The medical term blepharitis refers to inflammation in a person’s eyelids. Although usually not sight-threatening, it can cause significant discomfort and subtle infection. Blepharitis is a chronic (no cure) disease, but daily treatment can minimize it.
The site of the inflammation in the lid are tiny glands on both the upper and lower eyelids. These glands produce a clear oil that is part of the tear film of the eye. When a person has blepharitis, this oil changes to a thick greasy consistency which can then plug the oil glands causing styes and other minor problems. Even if it does not plug the gland, the greasy secretions accumulate on the lashes and trap debris, bacteria and produce side effects.
Fortunately, the treatment is relatively simple and can be built into a person’s schedule without inconvenience. The answer is good lid hygiene.
View informational video on 3DEye about Lid Scrubs and the Warm Compress.
To avoid blepharitis patients should use hot, moist lid scrubs. This involves placing a clean washcloth under warm tap water, add a dab of baby shampoo and gently rubbing the closed lids where the eyelashes exit, for two minutes.

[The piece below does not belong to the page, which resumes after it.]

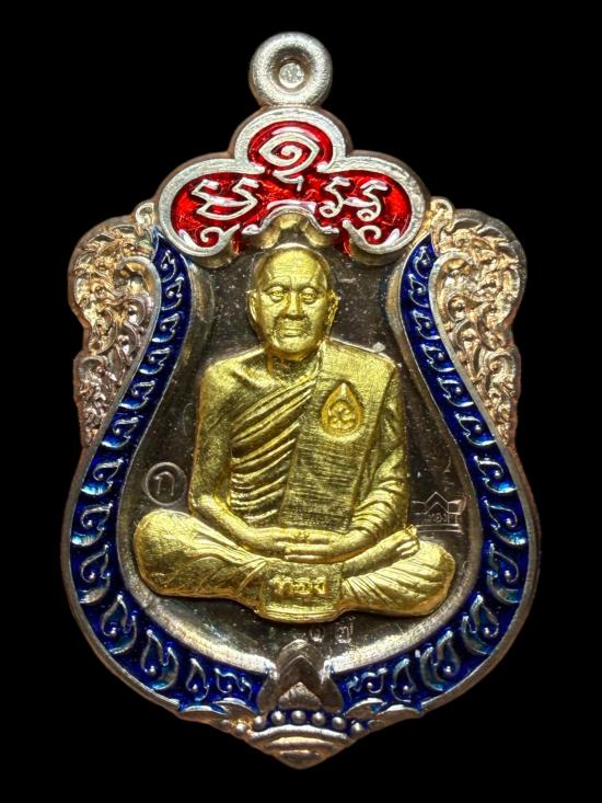 เหรียญเสมาหลวงพ่อทอง รุ่นทองสิบทิศ ปี 2563 เนื้อนวะหลังเรียบลงยาขอบ หน้าทองคำ หมายเลข ๑๗ |

Dr. Baron suggests the frequency that this procedure should be done depends upon the severity of the blepharitis, but it should be done AT LEAST ONCE each day. Although antibiotics may be of some help during the early treatment of blepharitis, they are much less important than effective and continued good hygiene.
Your adherence to this procedure will give you healthy comfortable eyes, free of blepharitis and its complications.